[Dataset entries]
== == ==

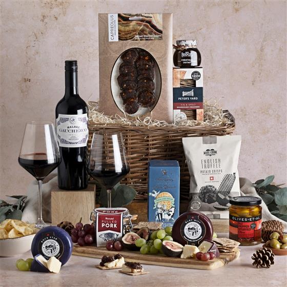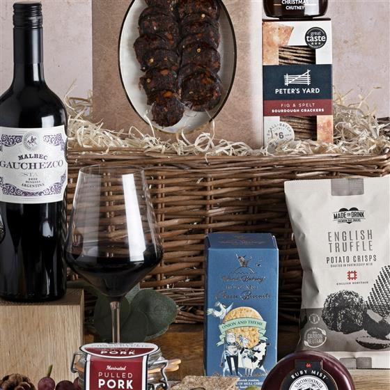 75cl Gauchezco Estate Malbec USD, 100g Peters Yard Fig & Spelt Sourdough Crackers, 100g Isle of Mull Cheese Biscuits with Onion and Thyme, 40g Made For Drink Truffle Crisps, 100g Mrs Bridges Christmas Chutney, 150g Red Pepper Stuffed Olives Olives Et Al, 200g Snowdonia Cheese Ruby Mist, 150g Snowdonia Rockstar, 80g Capreolus Dorset Warmer Salami, Marinated Pork Rillette (red packaging)
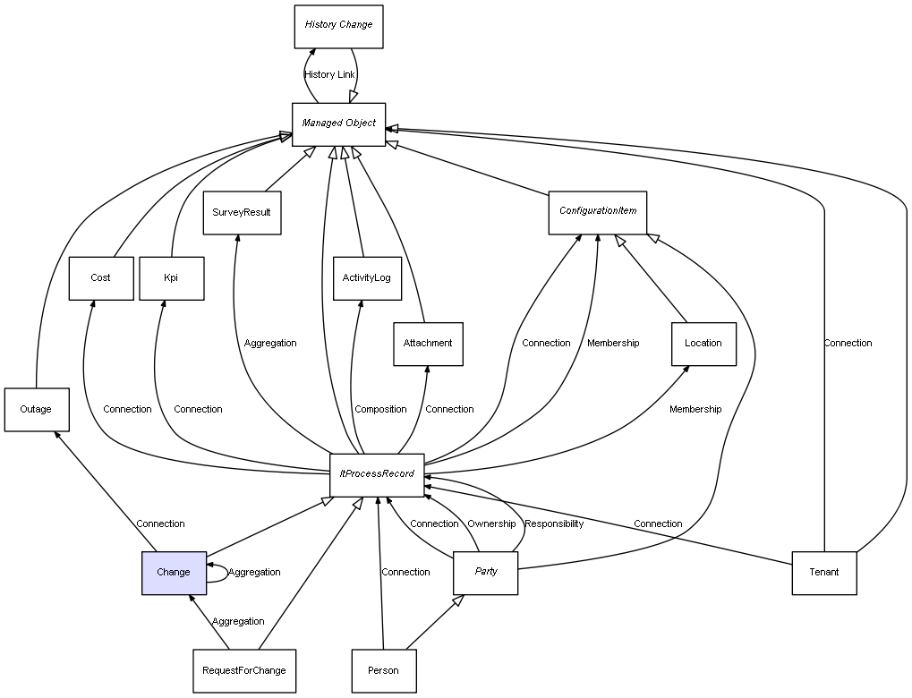 | Description | A Record containing the details of a Change. Each Change Record documents the Lifecycle of a single Change. A Change Record is created for every Request for Change that is received, even those that are subsequently rejected. Change Records should reference the Configuration Items that are affected by the Change. Change Records are stored in the Configuration Management System. This class corresponds to what ITILv3 calls a Change Record. |
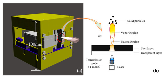 (a) The three-dimensional structure of the cube laser ablation micro-thruster; (b) The laser ablation principle of transmission mode. Reprinted with permission from [19]. Copyright 2022, IOP Publishing.
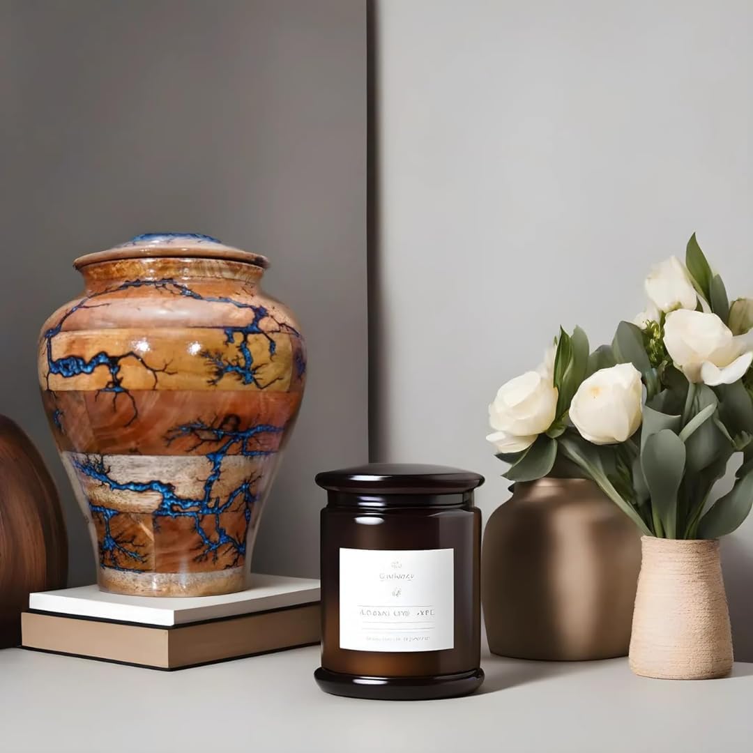 - Our handcrafted urn for human ashes is both sustainable and beautiful. It is made from natural mango wood that has unique knots and grains, along with a striking resin design that highlights the wood's natural fractal patterns. The urn also features a sturdy threaded iron lid that can withstand accidental falls, providing reliable protection for your loved one's ashes. Additionally, a soft felt base on the bottom of the urn protects your furniture from unwanted scratches.
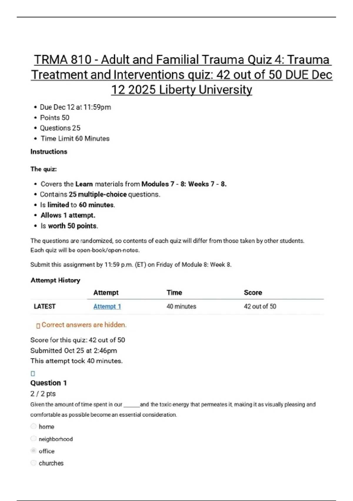 TRMA 810 - Adult and Familial Trauma Quiz 4: Trauma Treatment and Interventions quiz: 42 out of 50 DUE Dec 12 2025 Liberty University
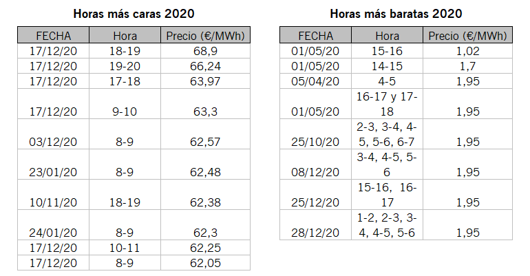 Algunos datos de los meses, días, y horas más caros y baratos de 2020. Y precios promedios, máximos y mínimos de las 24 horas del día #ingestats
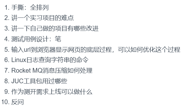 - [七、百度测试开发-实习(一面 10.15)](#七、百度测试开发-实习(一面 10.15))

== == ==

Assigned task:
Your copy should match the data exactly, apart from the images, which are dropped.

Answer to this exercise:
 75cl Gauchezco Estate Malbec USD, 100g Peters Yard Fig & Spelt Sourdough Crackers, 100g Isle of Mull Cheese Biscuits with Onion and Thyme, 40g Made For Drink Truffle Crisps, 100g Mrs Bridges Christmas Chutney, 150g Red Pepper Stuffed Olives Olives Et Al, 200g Snowdonia Cheese Ruby Mist, 150g Snowdonia Rockstar, 80g Capreolus Dorset Warmer Salami, Marinated Pork Rillette (red packaging)
 | Description | A Record containing the details of a Change. Each Change Record documents the Lifecycle of a single Change. A Change Record is created for every Request for Change that is received, even those that are subsequently rejected. Change Records should reference the Configuration Items that are affected by the Change. Change Records are stored in the Configuration Management System. This class corresponds to what ITILv3 calls a Change Record. |
 (a) The three-dimensional structure of the cube laser ablation micro-thruster; (b) The laser ablation principle of transmission mode. Reprinted with permission from [19]. Copyright 2022, IOP Publishing.
 - Our handcrafted urn for human ashes is both sustainable and beautiful. It is made from natural mango wood that has unique knots and grains, along with a striking resin design that highlights the wood's natural fractal patterns. The urn also features a sturdy threaded iron lid that can withstand accidental falls, providing reliable protection for your loved one's ashes. Additionally, a soft felt base on the bottom of the urn protects your furniture from unwanted scratches.
 TRMA 810 - Adult and Familial Trauma Quiz 4: Trauma Treatment and Interventions quiz: 42 out of 50 DUE Dec 12 2025 Liberty University
 Algunos datos de los meses, días, y horas más caros y baratos de 2020. Y precios promedios, máximos y mínimos de las 24 horas del día #ingestats
 - [七、百度测试开发-实习(一面 10.15)](#七、百度测试开发-实习(一面 10.15))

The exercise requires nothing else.